╭─ SUPPLIED DATA
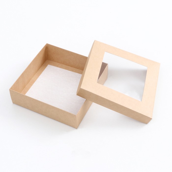 Крафт коробки с окошком идеально подходят для упаковки изделий ручной работы — кондитерских изделий, мыла, игрушек, текстильных изделий и т. п. Плотный картон надежно защищает товар от повреждений, а окошечко из прозрачного пластика позволяет покупателю сразу ценить товар, рассмотреть его и принять решение о покупке.
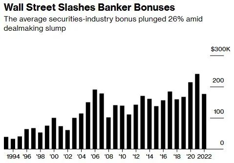 根据纽约州检察官(Thomas DiNapoli)分析,2022年华尔街奖金总额年同比缩水21%至$337亿美元。这也意味着纽约证券行业员工的平均奖金跌到了$17.6万美元,创下了2019年来最低。
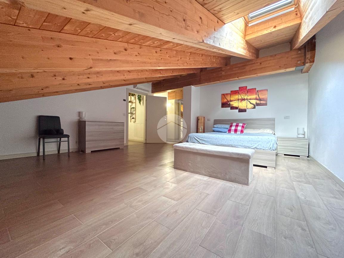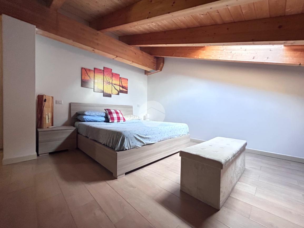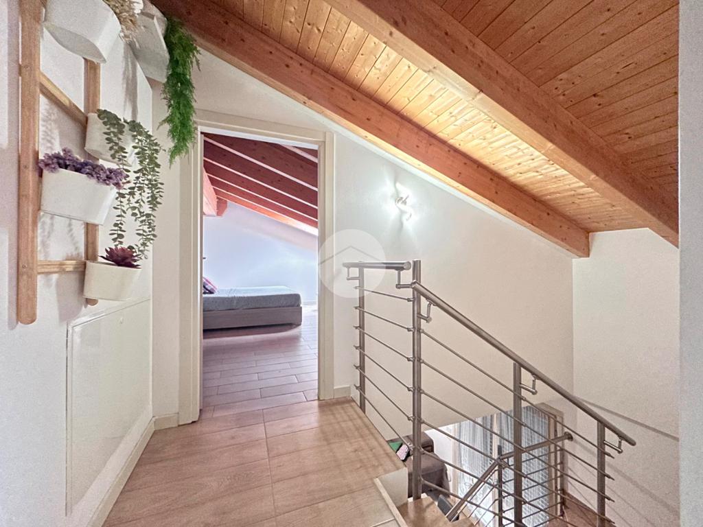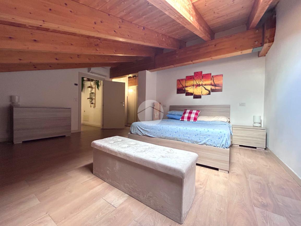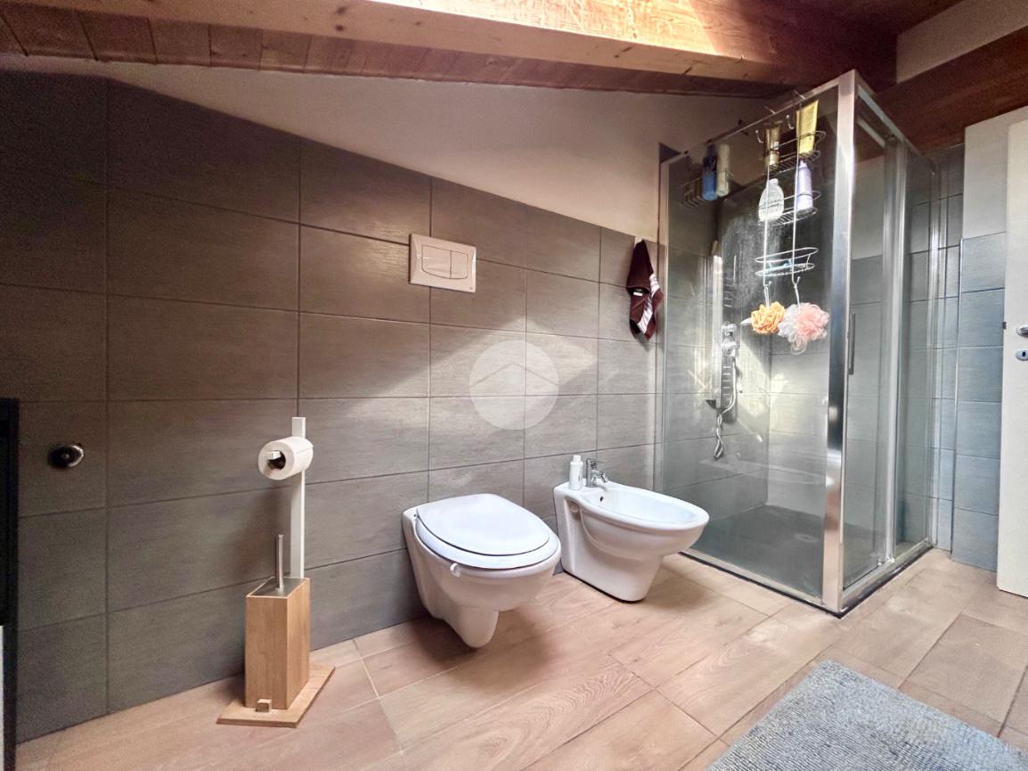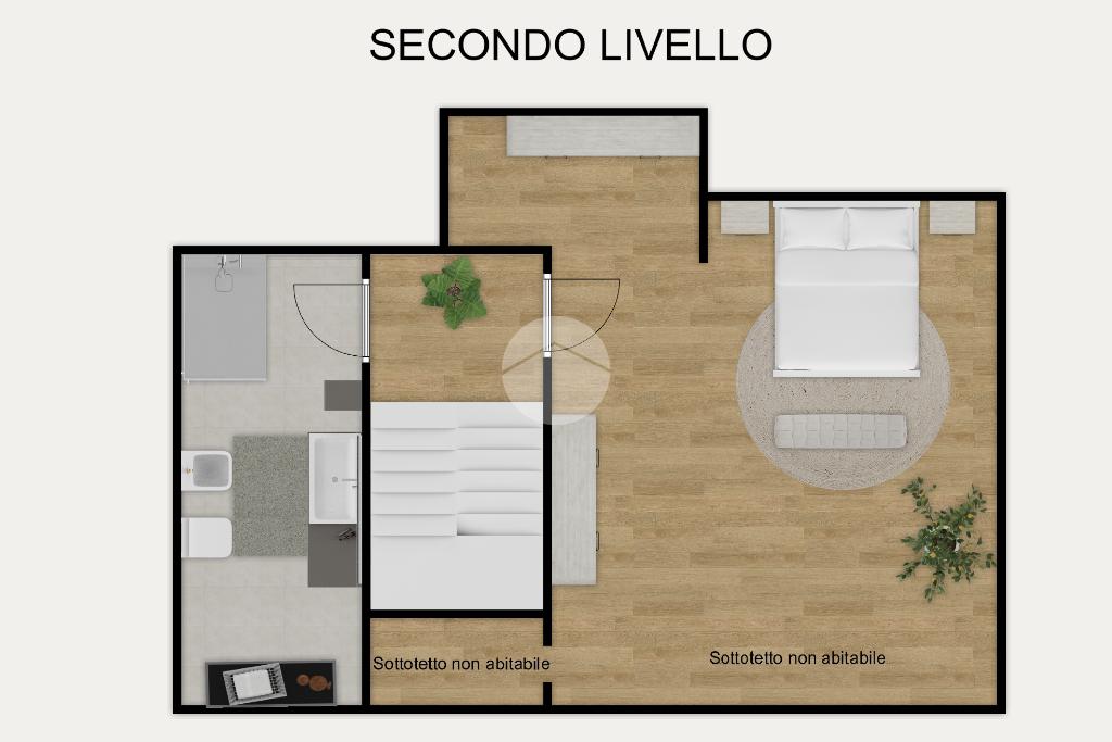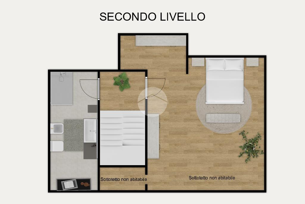 Dalla scala interna accediamo al secondo livello mansardato ove è presente il bagno finestrato con velux comprensivo di doccia, e ampia camera matrimoniale con angolo cabina armadio, anch’essa finestrata con velux.
╰─
### [PROBLEM TO SOLVE]
A verbatim copy of the material, pictures excluded, is what must be produced.

### [SOLUTION TO THIS EXERCISE]
 Крафт коробки с окошком идеально подходят для упаковки изделий ручной работы — кондитерских изделий, мыла, игрушек, текстильных изделий и т. п. Плотный картон надежно защищает товар от повреждений, а окошечко из прозрачного пластика позволяет покупателю сразу ценить товар, рассмотреть его и принять решение о покупке.
 根据纽约州检察官(Thomas DiNapoli)分析,2022年华尔街奖金总额年同比缩水21%至$337亿美元。这也意味着纽约证券行业员工的平均奖金跌到了$17.6万美元,创下了2019年来最低。
 Dalla scala interna accediamo al secondo livello mansardato ove è presente il bagno finestrato con velux comprensivo di doccia, e ampia camera matrimoniale con angolo cabina armadio, anch’essa finestrata con velux.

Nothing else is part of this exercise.